Il tuo cinema è così personale, inimitabile e facilmente riconoscibile. Come riesci a coniugare così liberamente il rigore dei rimandi interni e la schizofrenia così gioiosa che contraddistinguono i tuoi film?

Posso rispondere pensando a me o a quello che vedo guardandomi intorno. Per quanto mi riguarda il modo in cui tu descrivi il mio cinema corrisponde a come sono e a quello che ho vissuto. Esisteva già. L’originalità non esiste, come non esiste la capacità di innovazione pura. Sono menzogne, falsità. Quello che possiamo fare è solo combinare bene insieme gli elementi che ci vengono dati. Di fatto siamo dei barman la cui più grande ispirazione è quella di preparare degli ottimi cocktail. Tutto il resto è una grande stronzata. Recentemente ho tenuto una conferenza in Colombia sul cinema dove ho parlato del concetto di innovazione e se sia ancora possibile produrre un testo originale. Il titolo di questo mio intervento era “Ricordi del futuro”. L’assunto è che possiamo partire da idee che per noi sono interessanti e attraenti e idee che tra loro si oppongono. In questo modo si crea una tensione che fa sì che si crei una forza che le sostiene. Sono talmente antagoniste che si sostengono a vicenda. Se invece questa lotta non c’è, allora la tensione cade e non stanno insieme. È da questa tensione che nasce una possibile sceneggiatura. Questa unione tra forze opposte potrebbe sembrare qualcosa di nuovo ma in realtà è soltanto un ricordo. Bisogna guardare avanti e andare indietro.

Possiamo essere d’accordo quando dici che un buon film equivale a un buon cocktail, però quando nel 1993 hai realizzato Azione mutante in Spagna non c’era nulla di simile. Sono veramente curioso di sapere come sei arrivato a dirigere questo film così atipico attraverso anche l’incontro con Pedro Almodóvar.

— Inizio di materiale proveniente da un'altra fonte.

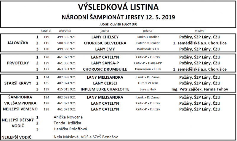 Olivier Bulot hodnotil zvířata jako špičkové představitelky plemene, které by uspěly i na jakékoliv jiné výstavě v Evropě. Zatím se sice se zvířaty do zahraničí nechystáme, ale v září „přijede Evropa k nám“ – pořádáme totiž v Praze zasedání World Jersey Cattle Bureau. V termínu 20. - 23. 9. 2019 tak v Čechách budou přítomni ti nejúspěšnější chovatelé jerseyek z celé Evropy a budeme jim moci ukázat naše nejlepší chovy, zvířata i krásy naší vlasti.

Sì, ci sono riuscito grazie proprio a Pedro. Quando mi ha conosciuto io gli ho fatto vedere un corto, Mirindas asesinas, che era un film veramente demenziale. L’ho girato senza audio e quando l’ho montato ho fatto io tutte le voci, comprese le musiche. Davanti a quel film lui deve aver pensato: o questo tizio vuol fare davvero cinema oppure è un perfetto imbecille. Per fortuna ha optato per la prima ipotesi. Così mi ha proposto di scrivere, qualcosa, qualsiasi cosa, dicendo che ne avremmo fatto un film. Messa così se ci avesse proposto di scrivere un film sui panda l’avremmo fatto comunque, così come uno sulla psicanalisi in Crimea. Grazie a Dio, invece, ci ha dato carta bianca. Pedro ci ha seguito da vicino. Si metteva lì e di fronte a scene un po’ bizzare ci chiedeva se veramente ci piacevano e avevamo intenzione di realizzarle nel modo che avevamo in mente. Aveva la classica espressione di chi dentro di sé considera qualcosa proprio una merda. E noi a dirgli, aspetta Pedro, vedrai che ti piacerà! Se io invece fossi crollato, probabilmente mi avrebbe cacciato via. Meno male che ho tirato dritto e alla fine ce l’abbiamo fatta.